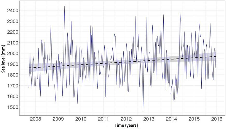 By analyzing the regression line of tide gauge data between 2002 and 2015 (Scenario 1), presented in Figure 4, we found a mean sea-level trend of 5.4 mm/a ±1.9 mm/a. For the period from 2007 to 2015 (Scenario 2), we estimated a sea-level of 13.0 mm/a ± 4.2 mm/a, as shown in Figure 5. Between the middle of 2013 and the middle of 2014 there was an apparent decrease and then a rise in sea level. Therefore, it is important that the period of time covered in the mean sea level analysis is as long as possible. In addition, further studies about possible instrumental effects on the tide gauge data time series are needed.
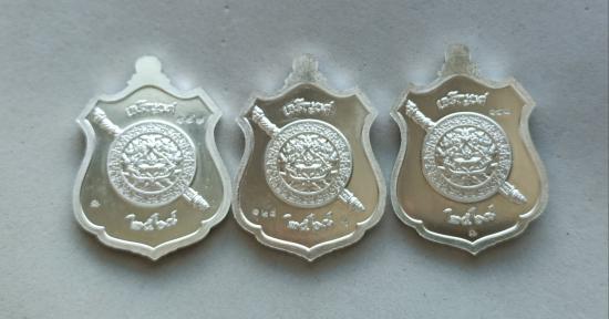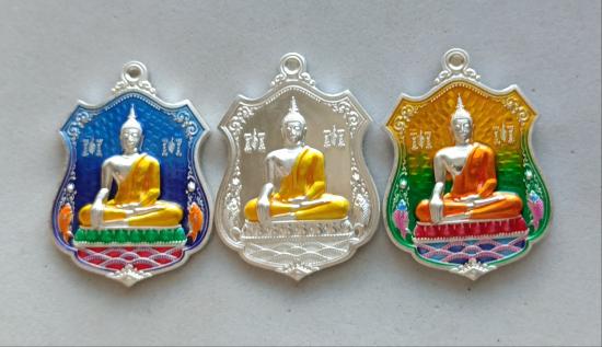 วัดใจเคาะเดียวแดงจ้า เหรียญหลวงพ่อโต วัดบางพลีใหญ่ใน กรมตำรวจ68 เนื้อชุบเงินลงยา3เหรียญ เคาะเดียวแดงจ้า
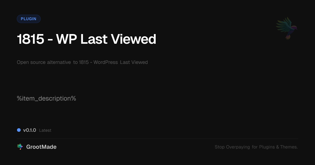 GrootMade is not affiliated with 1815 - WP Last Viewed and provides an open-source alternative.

* * *

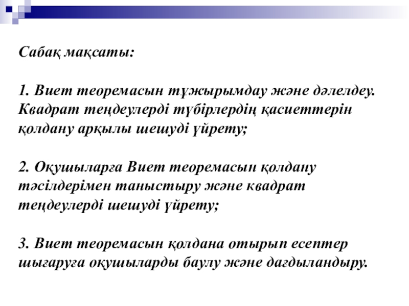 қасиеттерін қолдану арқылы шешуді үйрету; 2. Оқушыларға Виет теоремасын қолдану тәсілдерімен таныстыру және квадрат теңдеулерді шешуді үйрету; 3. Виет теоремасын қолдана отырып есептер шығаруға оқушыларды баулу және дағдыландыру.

• _What needs to be done_:
When you reach the line holding "วัดใจเคาะเดียวแดงจ้า เหรียญหลวงพ่อโต วัดบางพลีใหญ่ใน" in the listing above, begin retyping exactly, and stop once the line holding "GrootMade is not" is done; pictures stay out.

• _Your response_:
 วัดใจเคาะเดียวแดงจ้า เหรียญหลวงพ่อโต วัดบางพลีใหญ่ใน กรมตำรวจ68 เนื้อชุบเงินลงยา3เหรียญ เคาะเดียวแดงจ้า
 GrootMade is not affiliated with 1815 - WP Last Viewed and provides an open-source alternative.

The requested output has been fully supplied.